#### WORKING DATA
____________________

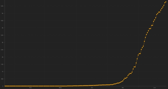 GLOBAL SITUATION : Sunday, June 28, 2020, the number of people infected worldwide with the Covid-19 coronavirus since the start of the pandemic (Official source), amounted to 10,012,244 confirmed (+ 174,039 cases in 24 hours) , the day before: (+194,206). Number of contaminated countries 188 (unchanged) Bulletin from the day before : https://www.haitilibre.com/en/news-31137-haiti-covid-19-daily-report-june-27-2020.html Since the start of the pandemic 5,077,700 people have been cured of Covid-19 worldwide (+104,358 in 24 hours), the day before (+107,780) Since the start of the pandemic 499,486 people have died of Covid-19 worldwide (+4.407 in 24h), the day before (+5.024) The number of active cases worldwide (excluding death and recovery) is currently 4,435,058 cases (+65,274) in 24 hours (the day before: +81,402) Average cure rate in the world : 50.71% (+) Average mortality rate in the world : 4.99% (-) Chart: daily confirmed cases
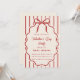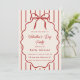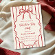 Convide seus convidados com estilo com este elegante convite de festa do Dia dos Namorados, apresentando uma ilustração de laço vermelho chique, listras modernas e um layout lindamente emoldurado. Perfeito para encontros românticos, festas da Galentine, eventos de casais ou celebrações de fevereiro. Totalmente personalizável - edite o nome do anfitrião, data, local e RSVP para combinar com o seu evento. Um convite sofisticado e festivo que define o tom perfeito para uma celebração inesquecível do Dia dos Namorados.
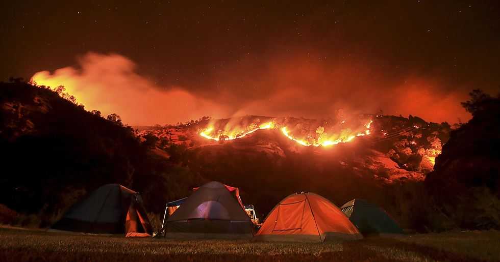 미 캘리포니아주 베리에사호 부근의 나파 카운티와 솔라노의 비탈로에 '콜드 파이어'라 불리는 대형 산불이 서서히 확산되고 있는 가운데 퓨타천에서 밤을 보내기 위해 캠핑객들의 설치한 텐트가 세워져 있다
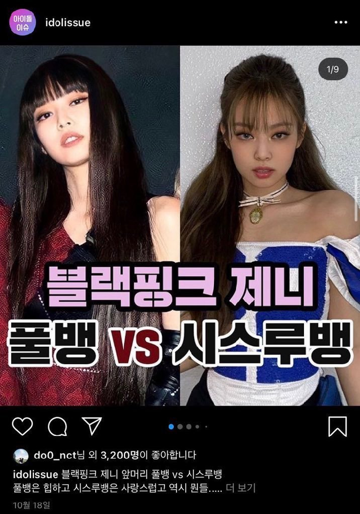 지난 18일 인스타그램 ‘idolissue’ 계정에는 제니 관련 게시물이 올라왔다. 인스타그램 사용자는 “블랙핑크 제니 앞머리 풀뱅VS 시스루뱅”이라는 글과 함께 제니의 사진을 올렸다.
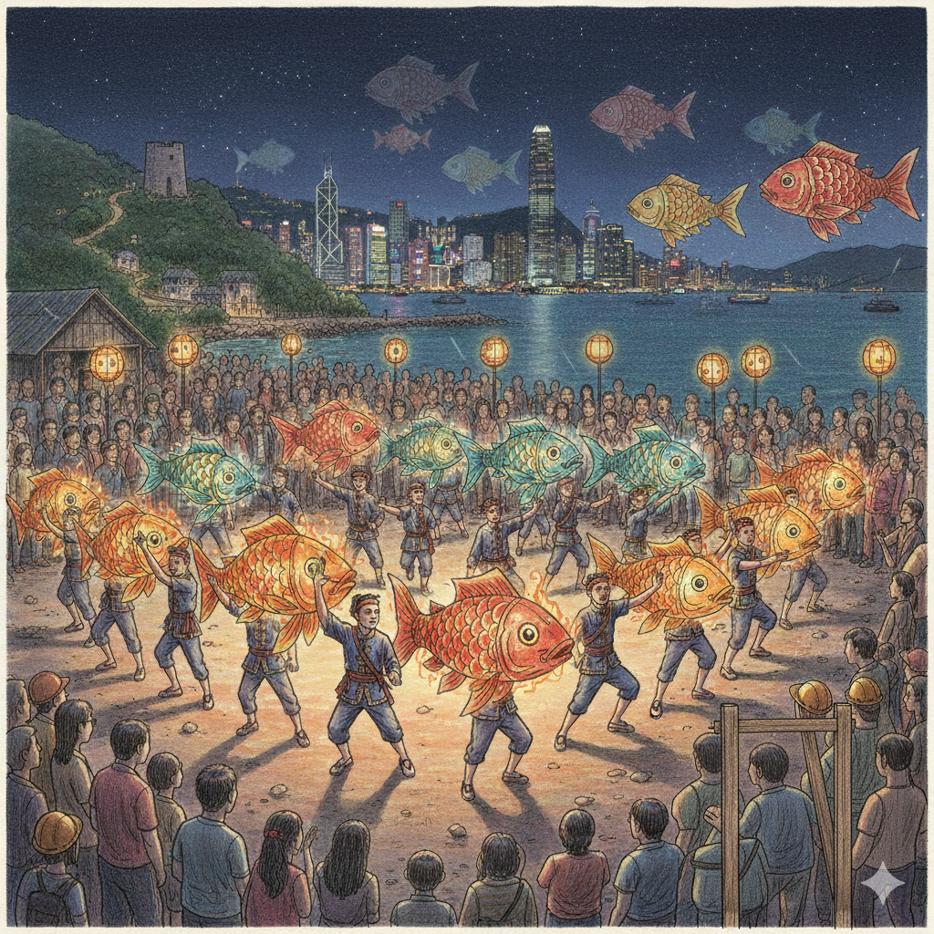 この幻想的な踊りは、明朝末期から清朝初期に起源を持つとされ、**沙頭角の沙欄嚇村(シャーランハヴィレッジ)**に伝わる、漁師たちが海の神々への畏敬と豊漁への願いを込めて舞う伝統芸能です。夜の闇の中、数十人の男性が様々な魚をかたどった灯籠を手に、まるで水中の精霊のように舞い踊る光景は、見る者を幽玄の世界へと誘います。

____________________

#### TASK DIRECTIONS
Keep the pictures out while you retype all of the data above exactly as it appears.

#### ANSWER TO THE EXERCISE
 GLOBAL SITUATION : Sunday, June 28, 2020, the number of people infected worldwide with the Covid-19 coronavirus since the start of the pandemic (Official source), amounted to 10,012,244 confirmed (+ 174,039 cases in 24 hours) , the day before: (+194,206). Number of contaminated countries 188 (unchanged) Bulletin from the day before : https://www.haitilibre.com/en/news-31137-haiti-covid-19-daily-report-june-27-2020.html Since the start of the pandemic 5,077,700 people have been cured of Covid-19 worldwide (+104,358 in 24 hours), the day before (+107,780) Since the start of the pandemic 499,486 people have died of Covid-19 worldwide (+4.407 in 24h), the day before (+5.024) The number of active cases worldwide (excluding death and recovery) is currently 4,435,058 cases (+65,274) in 24 hours (the day before: +81,402) Average cure rate in the world : 50.71% (+) Average mortality rate in the world : 4.99% (-) Chart: daily confirmed cases
 Convide seus convidados com estilo com este elegante convite de festa do Dia dos Namorados, apresentando uma ilustração de laço vermelho chique, listras modernas e um layout lindamente emoldurado. Perfeito para encontros românticos, festas da Galentine, eventos de casais ou celebrações de fevereiro. Totalmente personalizável - edite o nome do anfitrião, data, local e RSVP para combinar com o seu evento. Um convite sofisticado e festivo que define o tom perfeito para uma celebração inesquecível do Dia dos Namorados.
 미 캘리포니아주 베리에사호 부근의 나파 카운티와 솔라노의 비탈로에 '콜드 파이어'라 불리는 대형 산불이 서서히 확산되고 있는 가운데 퓨타천에서 밤을 보내기 위해 캠핑객들의 설치한 텐트가 세워져 있다
 지난 18일 인스타그램 ‘idolissue’ 계정에는 제니 관련 게시물이 올라왔다. 인스타그램 사용자는 “블랙핑크 제니 앞머리 풀뱅VS 시스루뱅”이라는 글과 함께 제니의 사진을 올렸다.
 この幻想的な踊りは、明朝末期から清朝初期に起源を持つとされ、**沙頭角の沙欄嚇村(シャーランハヴィレッジ)**に伝わる、漁師たちが海の神々への畏敬と豊漁への願いを込めて舞う伝統芸能です。夜の闇の中、数十人の男性が様々な魚をかたどった灯籠を手に、まるで水中の精霊のように舞い踊る光景は、見る者を幽玄の世界へと誘います。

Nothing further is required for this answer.